Anche Dostoevskij pensava che il nichilismo fosse qualche cosa come un destino. “Siamo tutti nichilisti”, diceva, non possiamo uscire da questa dimensione, dobbiamo renderci conto che è successo qualcosa - al di là di quella che può essere la nostra fede o non fede - che ci coinvolge tutti. Questo qualche cosa è appunto lo sfondamento dell'essere, che è necessariamente lo sfondamento della metafisica.
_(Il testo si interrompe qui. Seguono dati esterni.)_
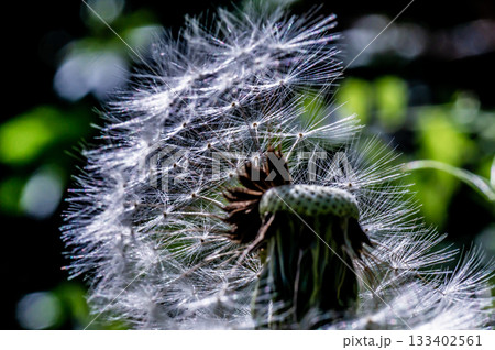 春の花タンポポ綿毛綺麗な丸。中央アップ

Dostoevskij ovviamente non si esprimeva in questi termini, ma andava sicuramente in questa direzione quando, pur riconoscendo il legame del nichilismo con il cristianesimo, ne mostrava tutta l'ambiguità.

E ben lungi dal tessere quell'elogio del nichilismo - come fecero gli eredi di Nietzsche - cerca di proporre una interrogazione del fenomeno stesso, che sappia vederne l'ambiguità, cioè che sappia - dice - “gettare uno sguardo in entrambi gli abissi”. Uno sguardo che sappia, per esempio, vedere nel nulla la condizione della nostra vita, ma che sappia anche vedere l'errore, la cancellazione, l'insopprimibile angoscia che da questo errore, da questa cancellazione, derivano.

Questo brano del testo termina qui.